Under the compensation scheme Tesco will pay an amount to each purchaser of Tesco shares and bonds who makes a claim under the proposed scheme that is equal to the inflated amount for each share or bond. The inflated amount has been established with the assistance of an independent expert engaged by the FCA.

The scheme is open to all purchasers who acquired Tesco shares and bonds after the 29 August 2014 and who still held some or all of them on the last day of trading before the corrective statement was issued on 22 September 2014. These purchasers are described as net purchasers. Those purchasers who sold all of their shares or bonds before the corrective statement was issued on 22 September 2014 will not have suffered any loss as a result of the market abuse and are therefore ineligible to claim under the scheme.

The FCA estimates the total amount of compensation that may be payable under the scheme will be approximately £85 million, plus interest.

The FCA has a database of all reported share transactions during the relevant period which indicates there were about 10,000 retail and institutional eligible investors who between them purchased approximately 320 million shares during the period and who may be eligible for compensation under the scheme.

The FCA considers the outcome is in the public interest because Tesco has accepted responsibility for market abuse and has agreed to remediate the consequences in an appropriate way that tackles directly the loss caused by the market abuse, avoiding the costs and burden on investors of litigation.

The compensation scheme will launch by 31 August 2017 and will be administered on Tesco’s behalf by KPMG. Further information is available now on KPMG’s website at www.kpmg.co.uk/tesco-scheme (link is external). Tesco have also published FAQs about the scheme which are available at www.tescoplc.com (link is external). Full details of the scheme including how to submit a claim will be widely published by KPMG in advance of the launch date.

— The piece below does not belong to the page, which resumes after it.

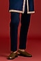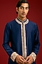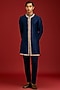 Featuring a navy front-open kurta in chanderi base with mirror work, sequins and dori embroidery. It is paired with cotton lycra slim pants. Accentuate it loafers and watch for festive celebrations, wedding or sangeet ceremony.

This scheme comes further to an announcement today by Tesco Stores Limited that it has entered into a deferred prosecution agreement (‘DPA’) with the Serious Fraud Office (‘SFO’) relating to false accounting, pursuant to which it will pay a fine of £128,992,500. As a result, the FCA does not propose to impose a financial penalty on either Tesco Stores Limited or Tesco plc. In light of the conduct of Tesco plc and Tesco Stores Limited in accepting responsibility for market abuse, in agreeing to the first compensation order under section 384 and, in the case of Tesco Stores Limited, for accepting responsibility for false accounting, the FCA will not impose any additional sanction on them for market abuse.

The DPA concerns only the potential criminal liability of Tesco Stores Limited and does not address whether liability of any sort attaches to Tesco plc or any employee or agent of Tesco plc or Tesco Stores Limited.

The FCA acknowledges the significant assistance and cooperation of the SFO in this case.